It does it even if I use the latest version of RDKIT.

CLG68 commented 1 month ago

Maybe it is related to this: https://github.com/rdkit/rdkit/issues/6365 but I'm currently using the latest RDKIT so it should have been fixed.
I also get: UFFTYPER: Unrecognized atom type: S_5+6

CLG68 commented 1 month ago

I screened 100000 structures from a focussed library from a Panther/ShaEP VS, on Unimol docking V2. I had a hard time with rescoring the resuts as 650 poses either had "nan" as coordinates or were out the binding pocket. So I made a script to clean the results before rescoring. Maybe this is coming from the problem I repported (UFFTYPER: Unrecognized atom type: S_5+6)? Do you know how to correct this problem?

Thanks Christian

ZhouGengmo commented 1 month ago

[02:07:59] UFFTYPER: Unrecognized atom type: S_6+6 (0)

It looks like there is an issue with RDKit when loading the file. Could you provide a file that produces this error? We can test it further.
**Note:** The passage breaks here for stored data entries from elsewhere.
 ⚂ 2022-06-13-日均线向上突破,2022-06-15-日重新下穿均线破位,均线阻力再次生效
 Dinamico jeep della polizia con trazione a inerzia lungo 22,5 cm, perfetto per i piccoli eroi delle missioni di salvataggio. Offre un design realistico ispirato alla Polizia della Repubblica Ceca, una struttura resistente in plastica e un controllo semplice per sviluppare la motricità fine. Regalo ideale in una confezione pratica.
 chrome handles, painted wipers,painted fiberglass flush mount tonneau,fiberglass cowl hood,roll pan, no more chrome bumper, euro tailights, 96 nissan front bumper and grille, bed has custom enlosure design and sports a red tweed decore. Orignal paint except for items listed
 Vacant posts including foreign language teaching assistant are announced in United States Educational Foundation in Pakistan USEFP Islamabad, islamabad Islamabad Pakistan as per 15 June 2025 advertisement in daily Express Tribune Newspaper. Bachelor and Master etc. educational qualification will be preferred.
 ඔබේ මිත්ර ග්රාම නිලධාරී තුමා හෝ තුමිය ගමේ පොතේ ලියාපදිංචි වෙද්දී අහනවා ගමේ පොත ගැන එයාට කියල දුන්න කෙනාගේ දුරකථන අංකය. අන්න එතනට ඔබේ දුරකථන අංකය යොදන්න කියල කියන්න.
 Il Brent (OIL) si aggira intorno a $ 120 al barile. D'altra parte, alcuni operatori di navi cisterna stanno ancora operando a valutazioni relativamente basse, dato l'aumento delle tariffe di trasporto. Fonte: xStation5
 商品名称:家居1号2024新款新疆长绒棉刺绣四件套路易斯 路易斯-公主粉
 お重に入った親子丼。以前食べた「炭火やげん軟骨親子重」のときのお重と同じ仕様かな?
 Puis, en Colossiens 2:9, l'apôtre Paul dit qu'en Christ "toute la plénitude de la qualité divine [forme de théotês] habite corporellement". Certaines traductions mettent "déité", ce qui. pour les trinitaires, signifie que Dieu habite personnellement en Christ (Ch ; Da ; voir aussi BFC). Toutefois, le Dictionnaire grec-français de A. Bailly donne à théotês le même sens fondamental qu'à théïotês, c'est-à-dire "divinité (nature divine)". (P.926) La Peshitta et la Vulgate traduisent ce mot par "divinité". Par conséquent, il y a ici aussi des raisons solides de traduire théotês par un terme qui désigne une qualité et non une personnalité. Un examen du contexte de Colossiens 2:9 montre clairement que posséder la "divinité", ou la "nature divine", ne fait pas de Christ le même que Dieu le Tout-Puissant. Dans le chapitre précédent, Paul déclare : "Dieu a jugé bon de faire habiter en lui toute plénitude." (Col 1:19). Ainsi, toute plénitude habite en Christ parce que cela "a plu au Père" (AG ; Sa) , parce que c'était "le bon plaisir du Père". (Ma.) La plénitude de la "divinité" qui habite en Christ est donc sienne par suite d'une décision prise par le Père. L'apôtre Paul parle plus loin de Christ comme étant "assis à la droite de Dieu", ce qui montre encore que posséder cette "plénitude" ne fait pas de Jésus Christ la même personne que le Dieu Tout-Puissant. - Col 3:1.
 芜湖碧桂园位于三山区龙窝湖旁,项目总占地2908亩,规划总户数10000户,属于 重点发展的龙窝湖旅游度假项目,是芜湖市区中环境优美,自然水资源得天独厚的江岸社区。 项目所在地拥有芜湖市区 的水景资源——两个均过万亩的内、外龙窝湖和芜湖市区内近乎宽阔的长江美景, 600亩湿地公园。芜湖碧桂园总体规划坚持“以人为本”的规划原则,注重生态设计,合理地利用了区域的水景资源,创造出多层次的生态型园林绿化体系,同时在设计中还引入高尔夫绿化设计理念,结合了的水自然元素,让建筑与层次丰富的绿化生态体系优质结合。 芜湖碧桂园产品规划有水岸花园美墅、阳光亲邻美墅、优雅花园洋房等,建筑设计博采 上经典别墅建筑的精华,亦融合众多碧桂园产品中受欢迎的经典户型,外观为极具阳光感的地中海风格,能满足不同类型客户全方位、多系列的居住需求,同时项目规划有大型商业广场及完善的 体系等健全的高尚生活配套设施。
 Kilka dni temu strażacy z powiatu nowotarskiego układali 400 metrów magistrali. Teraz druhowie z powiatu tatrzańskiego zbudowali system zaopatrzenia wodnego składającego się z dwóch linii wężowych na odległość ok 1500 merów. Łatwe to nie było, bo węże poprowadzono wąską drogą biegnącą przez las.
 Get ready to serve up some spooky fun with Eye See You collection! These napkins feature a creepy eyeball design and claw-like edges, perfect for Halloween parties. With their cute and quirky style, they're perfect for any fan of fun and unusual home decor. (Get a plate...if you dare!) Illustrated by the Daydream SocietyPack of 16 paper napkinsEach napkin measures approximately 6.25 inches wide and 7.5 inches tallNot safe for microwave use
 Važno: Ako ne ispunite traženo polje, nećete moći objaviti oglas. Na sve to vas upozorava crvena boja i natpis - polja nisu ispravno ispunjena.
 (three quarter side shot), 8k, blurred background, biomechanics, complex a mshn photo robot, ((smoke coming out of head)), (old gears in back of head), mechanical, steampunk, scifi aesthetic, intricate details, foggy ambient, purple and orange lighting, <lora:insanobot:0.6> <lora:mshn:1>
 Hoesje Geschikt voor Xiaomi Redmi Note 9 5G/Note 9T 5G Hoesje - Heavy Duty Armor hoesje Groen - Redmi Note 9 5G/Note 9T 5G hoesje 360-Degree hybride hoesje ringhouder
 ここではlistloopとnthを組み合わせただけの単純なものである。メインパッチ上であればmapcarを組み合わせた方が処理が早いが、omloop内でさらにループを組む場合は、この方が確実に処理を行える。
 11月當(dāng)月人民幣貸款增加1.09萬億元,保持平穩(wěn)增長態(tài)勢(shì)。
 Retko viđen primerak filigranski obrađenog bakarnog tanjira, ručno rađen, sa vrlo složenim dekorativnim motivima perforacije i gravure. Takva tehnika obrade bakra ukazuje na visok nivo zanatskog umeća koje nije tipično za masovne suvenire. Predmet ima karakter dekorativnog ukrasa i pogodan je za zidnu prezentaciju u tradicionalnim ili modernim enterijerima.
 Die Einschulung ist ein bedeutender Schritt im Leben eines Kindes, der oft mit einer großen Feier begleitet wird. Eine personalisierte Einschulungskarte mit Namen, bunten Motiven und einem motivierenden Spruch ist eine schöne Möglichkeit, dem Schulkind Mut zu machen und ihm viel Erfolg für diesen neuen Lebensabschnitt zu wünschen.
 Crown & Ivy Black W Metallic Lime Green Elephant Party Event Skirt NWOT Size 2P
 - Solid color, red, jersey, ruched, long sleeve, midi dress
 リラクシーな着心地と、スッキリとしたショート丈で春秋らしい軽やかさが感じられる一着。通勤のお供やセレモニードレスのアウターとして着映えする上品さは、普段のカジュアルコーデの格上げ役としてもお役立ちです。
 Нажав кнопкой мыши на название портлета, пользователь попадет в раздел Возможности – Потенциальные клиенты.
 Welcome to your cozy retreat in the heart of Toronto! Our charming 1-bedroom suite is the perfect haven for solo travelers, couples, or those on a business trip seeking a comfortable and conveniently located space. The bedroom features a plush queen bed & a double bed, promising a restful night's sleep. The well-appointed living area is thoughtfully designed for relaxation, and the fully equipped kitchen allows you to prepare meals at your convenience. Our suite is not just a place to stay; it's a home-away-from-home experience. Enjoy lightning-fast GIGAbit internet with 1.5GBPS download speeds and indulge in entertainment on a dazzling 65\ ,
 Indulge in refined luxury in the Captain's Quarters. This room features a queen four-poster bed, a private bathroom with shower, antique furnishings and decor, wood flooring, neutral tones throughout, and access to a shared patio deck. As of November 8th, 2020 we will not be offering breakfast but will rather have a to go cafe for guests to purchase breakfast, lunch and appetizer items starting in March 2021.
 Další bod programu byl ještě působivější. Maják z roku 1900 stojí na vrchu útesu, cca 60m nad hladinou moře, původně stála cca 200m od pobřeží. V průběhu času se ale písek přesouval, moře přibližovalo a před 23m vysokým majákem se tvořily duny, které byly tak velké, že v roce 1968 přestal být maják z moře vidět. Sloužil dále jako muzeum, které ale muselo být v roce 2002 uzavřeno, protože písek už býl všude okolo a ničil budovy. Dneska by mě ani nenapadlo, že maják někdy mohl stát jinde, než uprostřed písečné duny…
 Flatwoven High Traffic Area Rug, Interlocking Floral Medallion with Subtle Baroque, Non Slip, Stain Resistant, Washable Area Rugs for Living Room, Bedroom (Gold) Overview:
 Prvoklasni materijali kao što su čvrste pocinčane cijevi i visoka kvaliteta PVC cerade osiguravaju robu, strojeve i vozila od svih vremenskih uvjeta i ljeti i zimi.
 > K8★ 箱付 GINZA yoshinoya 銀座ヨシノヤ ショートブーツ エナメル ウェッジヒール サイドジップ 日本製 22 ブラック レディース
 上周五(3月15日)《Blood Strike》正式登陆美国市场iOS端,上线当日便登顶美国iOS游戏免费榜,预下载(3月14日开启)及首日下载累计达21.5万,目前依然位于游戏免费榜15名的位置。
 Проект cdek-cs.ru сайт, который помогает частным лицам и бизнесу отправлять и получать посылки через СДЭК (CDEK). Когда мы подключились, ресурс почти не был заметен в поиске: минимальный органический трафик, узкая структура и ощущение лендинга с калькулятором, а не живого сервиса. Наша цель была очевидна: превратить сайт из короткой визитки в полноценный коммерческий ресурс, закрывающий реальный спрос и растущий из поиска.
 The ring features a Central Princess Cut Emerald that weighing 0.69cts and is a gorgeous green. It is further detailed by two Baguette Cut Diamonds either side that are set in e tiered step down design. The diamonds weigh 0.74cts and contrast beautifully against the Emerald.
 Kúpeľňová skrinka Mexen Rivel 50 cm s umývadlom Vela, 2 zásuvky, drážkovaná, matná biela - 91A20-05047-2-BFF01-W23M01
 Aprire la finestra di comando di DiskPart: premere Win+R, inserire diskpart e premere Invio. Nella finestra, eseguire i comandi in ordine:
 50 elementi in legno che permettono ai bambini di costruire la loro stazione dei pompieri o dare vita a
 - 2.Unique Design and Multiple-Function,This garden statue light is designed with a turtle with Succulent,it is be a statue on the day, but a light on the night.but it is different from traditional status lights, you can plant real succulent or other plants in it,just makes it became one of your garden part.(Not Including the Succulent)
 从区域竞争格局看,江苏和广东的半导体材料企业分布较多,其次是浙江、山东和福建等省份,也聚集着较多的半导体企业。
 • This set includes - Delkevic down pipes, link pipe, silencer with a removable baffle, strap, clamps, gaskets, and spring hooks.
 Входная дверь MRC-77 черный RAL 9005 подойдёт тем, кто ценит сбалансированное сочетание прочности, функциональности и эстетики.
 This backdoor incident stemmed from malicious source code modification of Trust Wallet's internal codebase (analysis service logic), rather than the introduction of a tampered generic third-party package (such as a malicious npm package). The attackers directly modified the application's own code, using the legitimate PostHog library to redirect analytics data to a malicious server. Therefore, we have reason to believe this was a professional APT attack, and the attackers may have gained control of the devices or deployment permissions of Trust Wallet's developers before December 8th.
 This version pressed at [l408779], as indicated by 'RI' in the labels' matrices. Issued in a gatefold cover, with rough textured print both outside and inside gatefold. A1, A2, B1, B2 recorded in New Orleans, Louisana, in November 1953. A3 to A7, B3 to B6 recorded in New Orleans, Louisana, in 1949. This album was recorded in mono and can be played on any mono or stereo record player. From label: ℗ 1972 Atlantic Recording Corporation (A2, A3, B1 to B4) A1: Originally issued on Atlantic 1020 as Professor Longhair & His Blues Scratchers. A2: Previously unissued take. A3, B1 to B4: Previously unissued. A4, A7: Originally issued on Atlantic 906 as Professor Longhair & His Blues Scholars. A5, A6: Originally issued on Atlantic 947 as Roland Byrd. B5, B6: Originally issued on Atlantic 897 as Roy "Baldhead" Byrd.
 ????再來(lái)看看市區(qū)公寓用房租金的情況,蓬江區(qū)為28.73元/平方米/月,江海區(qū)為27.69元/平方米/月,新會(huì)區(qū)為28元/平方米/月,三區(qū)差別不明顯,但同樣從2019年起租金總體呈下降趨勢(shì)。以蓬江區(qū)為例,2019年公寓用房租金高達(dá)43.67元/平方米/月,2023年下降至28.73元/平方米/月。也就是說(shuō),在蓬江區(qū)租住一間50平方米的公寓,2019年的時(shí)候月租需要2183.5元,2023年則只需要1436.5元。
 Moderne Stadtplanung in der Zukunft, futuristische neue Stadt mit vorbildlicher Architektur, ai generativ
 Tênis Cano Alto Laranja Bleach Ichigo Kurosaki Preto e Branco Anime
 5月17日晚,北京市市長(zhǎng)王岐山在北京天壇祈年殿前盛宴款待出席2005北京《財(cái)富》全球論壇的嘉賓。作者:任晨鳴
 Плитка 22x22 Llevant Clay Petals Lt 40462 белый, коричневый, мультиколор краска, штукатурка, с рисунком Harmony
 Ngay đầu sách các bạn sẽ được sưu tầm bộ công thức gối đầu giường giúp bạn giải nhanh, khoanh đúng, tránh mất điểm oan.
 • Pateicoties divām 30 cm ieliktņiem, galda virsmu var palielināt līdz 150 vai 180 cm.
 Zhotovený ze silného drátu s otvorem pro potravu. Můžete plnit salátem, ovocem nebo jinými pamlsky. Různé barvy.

CLG68 commented 1 month ago

Thank you v much for helping with this. I attached the target, the json file, the ref ligand used for generating the json file as well as ex of structures giving me errors or problematic results. The source-structures are extracted from my library. The generated-poses are from Unimol docking V2. The structures that give me a problem with valence do not generate a binding pose. I had to create a script to clean the docking results as the poses with no coordinates or outside of the binding pocket were creating problems with scoring in the training with Brutenib... ShaEP was just thinking forever.

The library is from the top 1% scores from a Panther/ShaEP VS. My cleaning script flagged 670 poses of around 100k minus all the poses not generated because of the valence problem.

For RDKit, I tried the version suggested on your read.me file and also the latest version. Updating to the latest version did not solve the problem.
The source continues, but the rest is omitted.